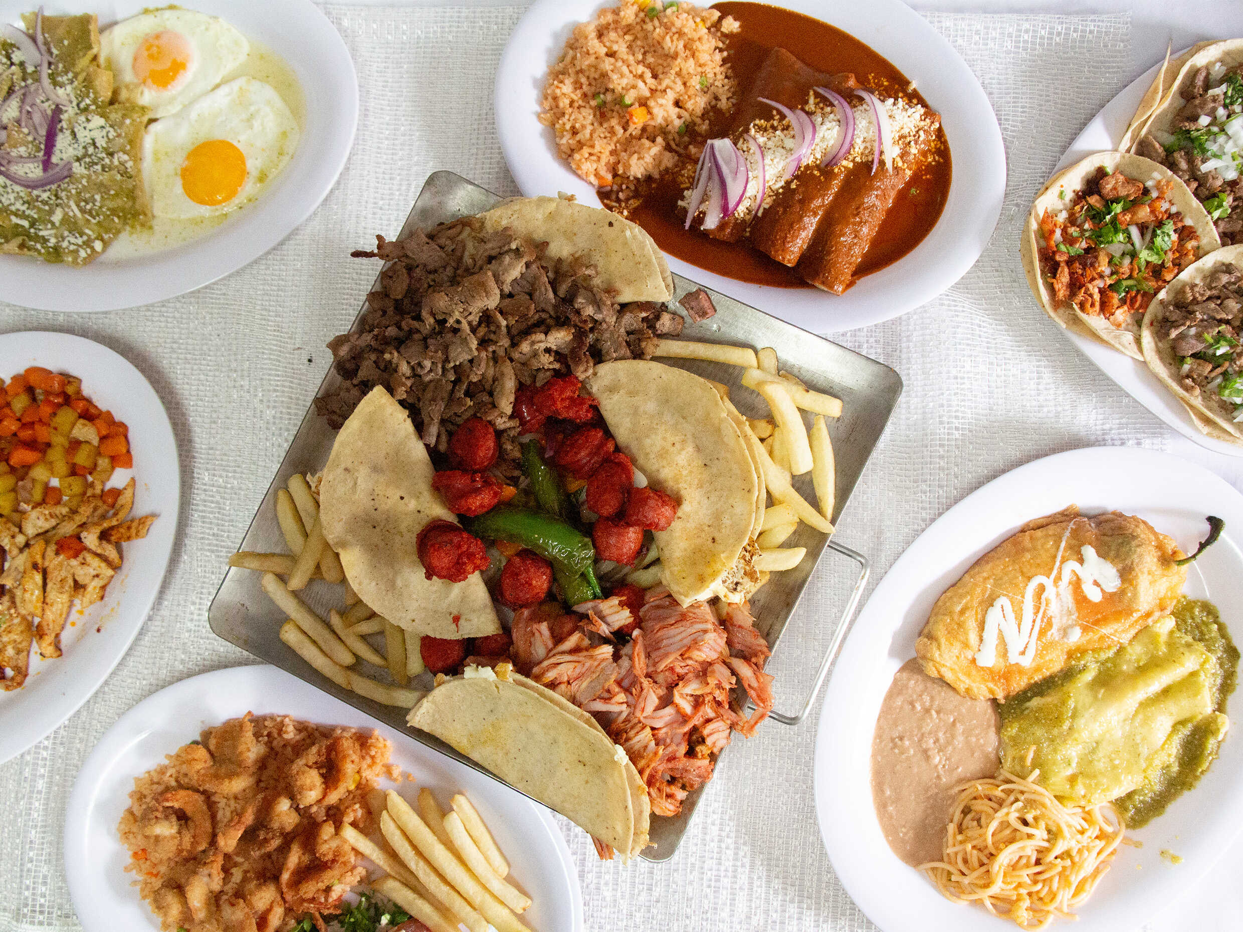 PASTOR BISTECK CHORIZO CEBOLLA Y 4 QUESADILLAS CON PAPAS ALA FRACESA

...

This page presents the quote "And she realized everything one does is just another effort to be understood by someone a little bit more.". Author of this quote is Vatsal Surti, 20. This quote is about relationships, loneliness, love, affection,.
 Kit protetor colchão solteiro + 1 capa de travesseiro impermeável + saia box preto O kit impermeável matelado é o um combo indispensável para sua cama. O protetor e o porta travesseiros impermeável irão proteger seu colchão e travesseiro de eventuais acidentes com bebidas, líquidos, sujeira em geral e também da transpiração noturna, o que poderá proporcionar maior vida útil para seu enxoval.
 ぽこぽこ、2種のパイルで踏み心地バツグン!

- **WORK ITEM**:
Your answer should consist only of the lines above between the line holding "Kit protetor colchão" and the line holding "ぽこぽこ、2種のパイルで踏み心地バツグン!", inclusive, each transcribed exactly.

- **REPLY TO THE TASK**:
 Kit protetor colchão solteiro + 1 capa de travesseiro impermeável + saia box preto O kit impermeável matelado é o um combo indispensável para sua cama. O protetor e o porta travesseiros impermeável irão proteger seu colchão e travesseiro de eventuais acidentes com bebidas, líquidos, sujeira em geral e também da transpiração noturna, o que poderá proporcionar maior vida útil para seu enxoval.
 ぽこぽこ、2種のパイルで踏み心地バツグン!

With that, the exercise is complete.